Peter R. Martin: Historical Vocabulary of Addiction




      According to the current electronic version of the Oxford English Dictionary (OED), the noun aggression is partly a borrowing from French and Latin.  The French aggression is derived from the classical Latin aggressiōn-, aggressiō.  Both of these were formed originally as the combination of the past participial stem of aggredī (“to attack”) and -iō -ion (a suffix which is used to form a noun from a verb).  The first use in the English language of the word aggress which is found in both noun and verb forms preceded that of the noun aggression.

      The noun aggress was first used in the English language as exemplified by an entry in The Acts of the Lords Auditors of Causes & Complaints dating originally to 1475, edited by Thomas Thomson (1773–1852), a Scottish physician and chemist (1839): “In the mein tyme he to haue aggress [to] Malcom Fleming for quham he is bundin.”  This meaning of the noun agress (“access, approach”) is now obsolete, replaced by one that designates motivated antagonism (“An attack, an act of aggression”) as in (Fletcher 1677): “The 3d. and last aggress was managed by Salmanasser… who in the 9th of Hoshea sweeped the Land of its inhabitants.”  An example of the first appearance of the verb aggress occurred in a book by Thomas Preston (1537-1598), playwright and college head (1569): “Beholde I see him now agresse and enter into place.”  This meaning (“To approach, march forward; to progress”) is also considered obsolete; it has been supplanted by one that denotes ferocious fighting (“To make an attack; to commit the first act of violence, to provoke conflict.”), as for example by Edmund Arwaker the elder (?1660–1730), an Irish poet and cleric (1708): “The Man's Son, thro' Wantonness, aggress'd, And with a rude Assault provok'd the Beast.” 

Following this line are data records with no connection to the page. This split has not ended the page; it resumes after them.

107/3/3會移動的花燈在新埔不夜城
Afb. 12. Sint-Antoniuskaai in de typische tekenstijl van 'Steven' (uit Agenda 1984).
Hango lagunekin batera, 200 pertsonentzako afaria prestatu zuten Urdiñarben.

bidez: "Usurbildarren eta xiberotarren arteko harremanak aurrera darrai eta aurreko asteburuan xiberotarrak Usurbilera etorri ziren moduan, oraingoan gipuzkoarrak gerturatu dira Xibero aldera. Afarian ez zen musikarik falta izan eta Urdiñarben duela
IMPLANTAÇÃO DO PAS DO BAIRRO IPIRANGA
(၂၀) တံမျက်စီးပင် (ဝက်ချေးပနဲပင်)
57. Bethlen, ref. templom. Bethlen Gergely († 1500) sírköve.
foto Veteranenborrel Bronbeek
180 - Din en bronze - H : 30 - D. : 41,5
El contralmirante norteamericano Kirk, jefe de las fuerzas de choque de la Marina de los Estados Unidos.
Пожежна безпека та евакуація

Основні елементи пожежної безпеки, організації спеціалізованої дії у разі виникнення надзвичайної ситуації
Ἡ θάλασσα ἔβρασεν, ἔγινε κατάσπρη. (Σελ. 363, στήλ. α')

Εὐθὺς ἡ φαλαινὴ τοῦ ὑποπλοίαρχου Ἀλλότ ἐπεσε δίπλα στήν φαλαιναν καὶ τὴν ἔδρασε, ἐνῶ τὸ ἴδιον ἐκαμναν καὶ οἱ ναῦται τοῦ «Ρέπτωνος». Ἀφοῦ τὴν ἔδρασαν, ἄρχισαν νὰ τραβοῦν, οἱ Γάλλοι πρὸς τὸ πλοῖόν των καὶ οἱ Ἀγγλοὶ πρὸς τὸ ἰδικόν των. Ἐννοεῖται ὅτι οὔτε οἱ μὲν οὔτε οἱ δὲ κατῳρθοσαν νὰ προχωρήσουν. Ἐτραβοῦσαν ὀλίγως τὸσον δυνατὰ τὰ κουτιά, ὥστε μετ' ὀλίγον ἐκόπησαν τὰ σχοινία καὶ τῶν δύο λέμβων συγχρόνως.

      The original meaning of aggression in the English language (“An unprovoked attack; the first attack in a dispute or conflict; an assault, an inroad”) is exemplified by (Sheldon 1611): “Who is ignorant how that same furious aggression and censure of Boniface the VIII. vpon Philip the Faire, how little it profited?”  Then the meaning of aggression shifted (“The practice of attacking another or others; the making of an attack or assault”), as for example (Lord 1630): “They renewed their battell by fresh Aggression and Onset, till darknesse did prohibit the vse of Armes.”  The progression of meanings evolved from military to more political contexts until aggression came to be viewed as an attribute (“Feeling or energy displayed in asserting oneself, or in showing drive or initiative; aggressiveness, assertiveness, forcefulness”).  An example is from Gustav Adolf Lindner (1828–1887), the Czech pedagogue, sociologist, psychologist and philosopher, in his book Manual of Empirical Psychology as an Inductive Science (Lindner and De Garmo 1890): “The great secret of their aggression and efficiency is to be found in the fact that they [sc. the Herbartian school] have a vital psychology.” 

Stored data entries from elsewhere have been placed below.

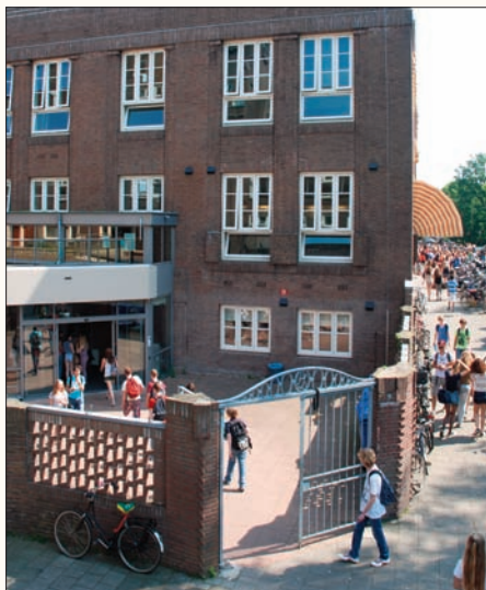
Ingang Gunningplein (westingang, zuidzijde).
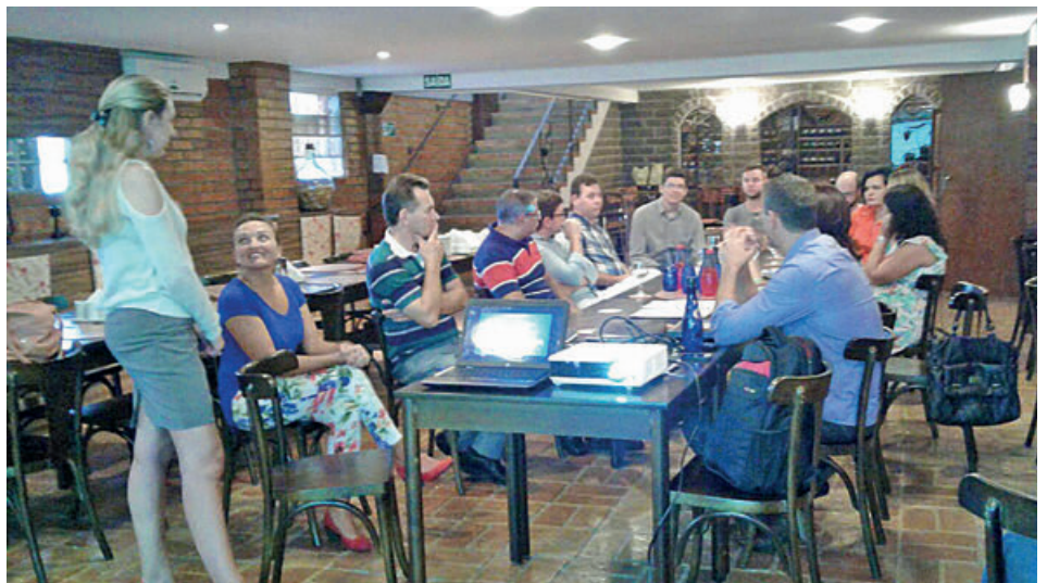
Palestra, realizada em fevereiro, apresentando legislação referente a licenças ambientais
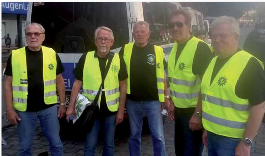
Alle haben geholfen, Senioren in der GdP.

Mit einem ganz großen Engagement haben unsere GdP-Senioren der norddeutschen Landesbezirke während der o. g. Zeit in Teams mit den Hamburger GdPlern (und Senioren) die eingesetzten Kräfte im Hamburger Stadtgebiet aufgesucht und mit Warm- und Kaltgetränken, Obst, Speiseeis, Salzgebäck und Sonnen-

      Eventually, the word aggression came to be used in psychology: “Behaviour intended to injure another person or animal; an instance of this.”  An example of this meaning was in a paper entitled The Gambling Impulse (France 1902): “[In gambling] we find arising emulation, aggression, the instinct of domination, with the love of humiliating one's opponent.”  Analogously, aggression became closely linked in the psychodynamic literature with sexuality as for example by Freud (1910): “The sexuality of most men shows a taint of aggression.”  Also, aggression emerged as having a substantial role in neuroticism, whereby physical force is not needed or practiced but domination is accomplished with the emotional quality of profound passivity (Adler 1917): “The neurotic succeeds in... this new line so skillfully as to manage to set up an aggression which enables him to dominate and torture others.”  Eventually, the blending of pleasure and aggression evolved such that these constructs could be discussed in very similar terms by Charles Anthony Storr (1920–2001), an English psychiatrist and psychoanalyst, in his book Human Aggression (1968):

      “Once we can bring ourselves to abandon the pleasure principle, it is easy to accept the idea that the achievement of dominance, the overcoming of obstacles, and the mastery of the external world, for all of which aggression is necessary, are as much innate human needs as sexuality or hunger.”

      This quotation seems to predict that aggression could be considered a vital drive with the potential to go awry and manifest characteristics of an addictive disorder. 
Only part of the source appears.